*** Opening Dataset excerpt ***
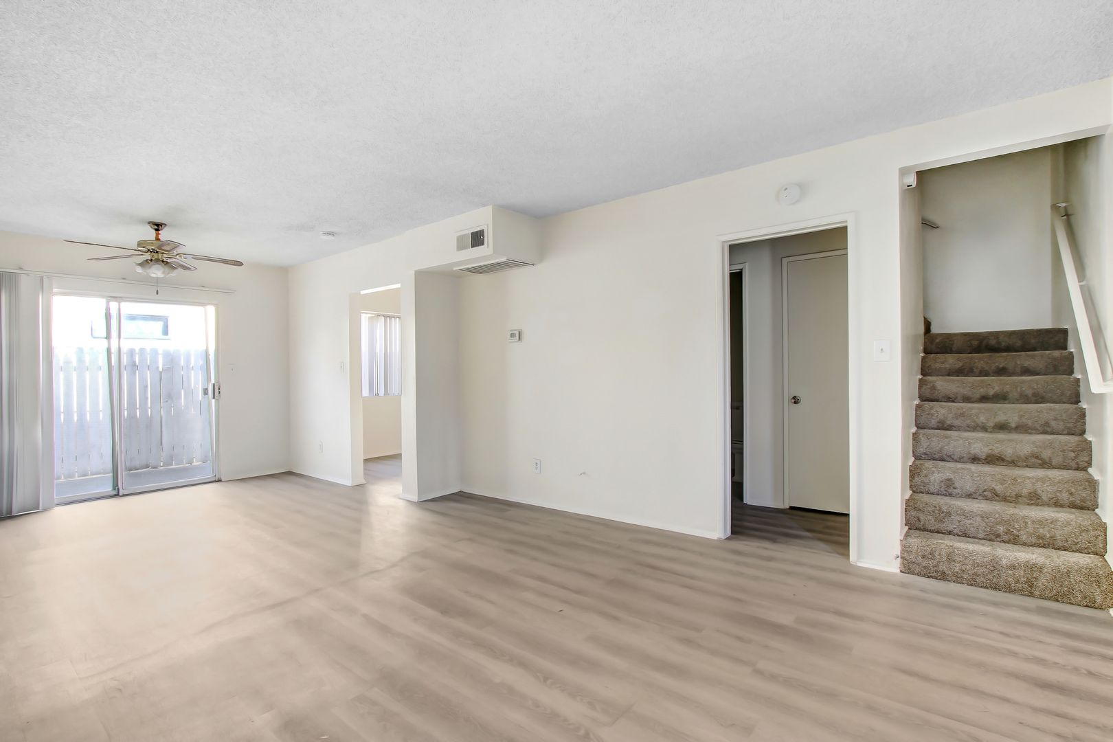 Enjoy your private patio, ideal for relaxing or entertaining in the California sunshine. Inside, you'll find central A/C and heating to keep you comfortable year-round, along with laminate wood flooring in the living areas and soft carpeted bedrooms for a warm, inviting feel.
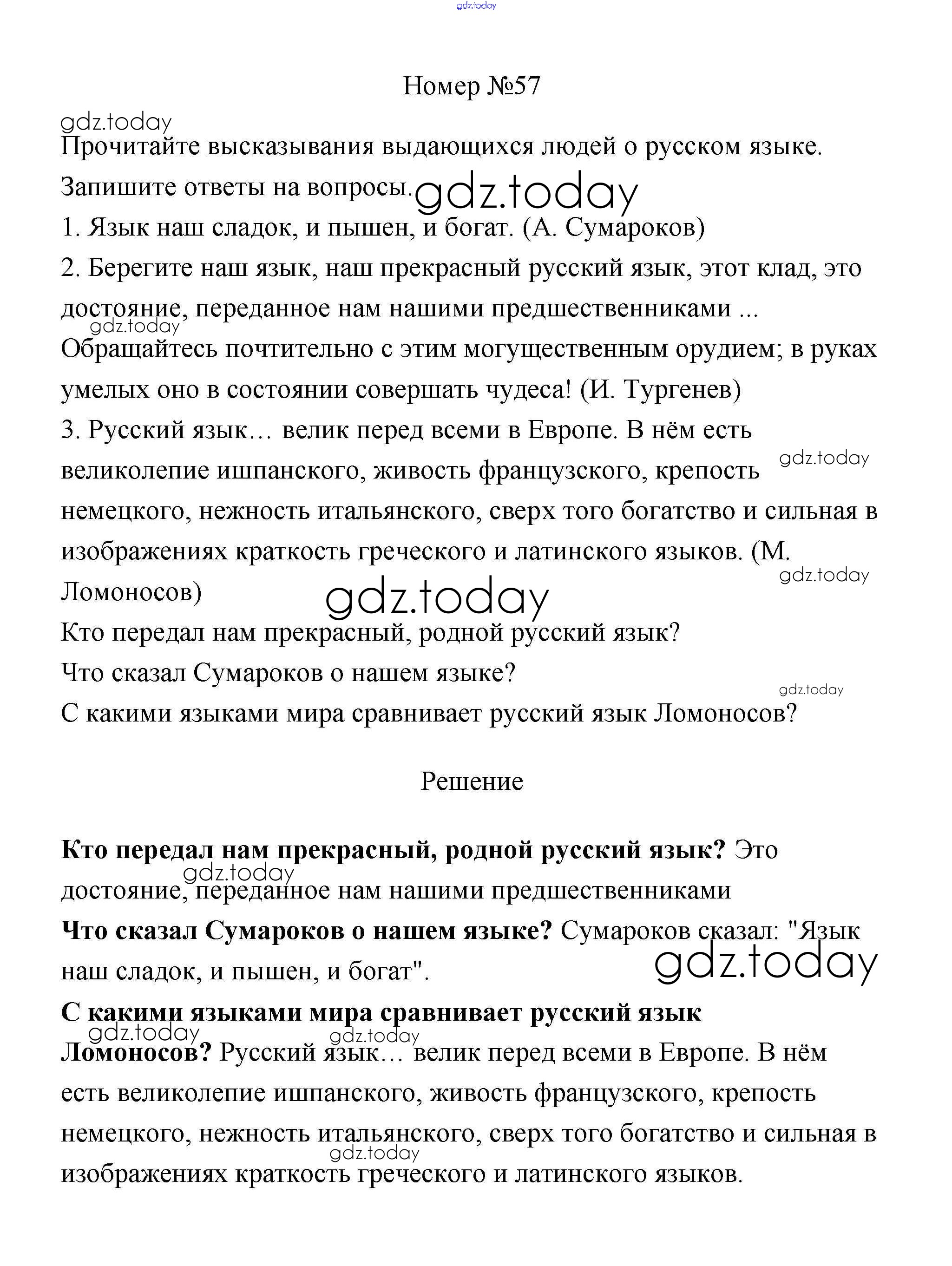 На страницах сайта gdz.today вы найдете учебный и вспомогательный материал, направленный на улучшения знаний школьной программы. ГДЗ - онлайн мир знаний Решение к части 1 57 Учебнику по Русскому языку для 4 класса Климанова, Бабушкина Просвещение Перспектива 2014
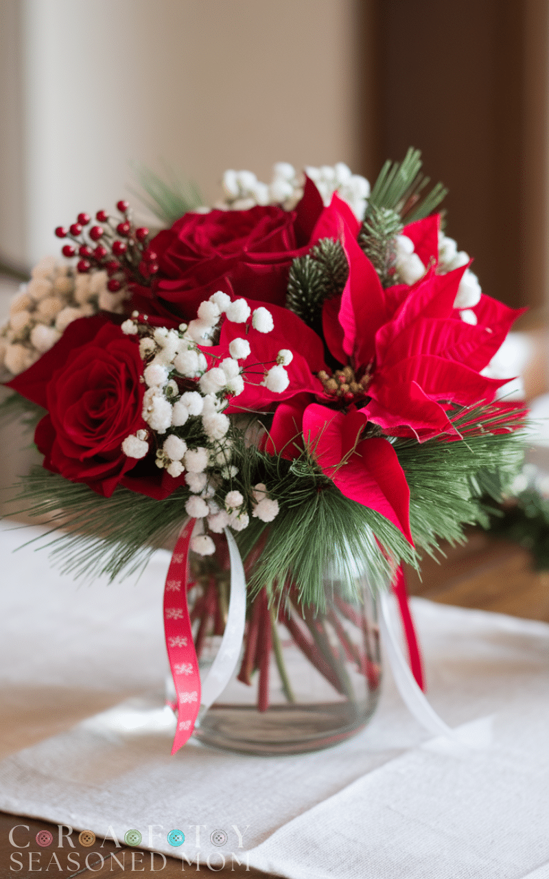 Nothing says Christmas like red and green so this floral arrangement makes a vibrant DIY Christmas centerpiece for table idea. You can mix red roses or poinsettias with green pine branches and white accents like baby’s breath or ribbons. When placed in a glass vase or basket it gives your table a classic and cheerful look that fits perfectly with any holiday theme.
*** Closing Dataset excerpt ***
Return the material exactly as given above, picture-free.

Solution to the problem
 Enjoy your private patio, ideal for relaxing or entertaining in the California sunshine. Inside, you'll find central A/C and heating to keep you comfortable year-round, along with laminate wood flooring in the living areas and soft carpeted bedrooms for a warm, inviting feel.
 На страницах сайта gdz.today вы найдете учебный и вспомогательный материал, направленный на улучшения знаний школьной программы. ГДЗ - онлайн мир знаний Решение к части 1 57 Учебнику по Русскому языку для 4 класса Климанова, Бабушкина Просвещение Перспектива 2014
 Nothing says Christmas like red and green so this floral arrangement makes a vibrant DIY Christmas centerpiece for table idea. You can mix red roses or poinsettias with green pine branches and white accents like baby’s breath or ribbons. When placed in a glass vase or basket it gives your table a classic and cheerful look that fits perfectly with any holiday theme.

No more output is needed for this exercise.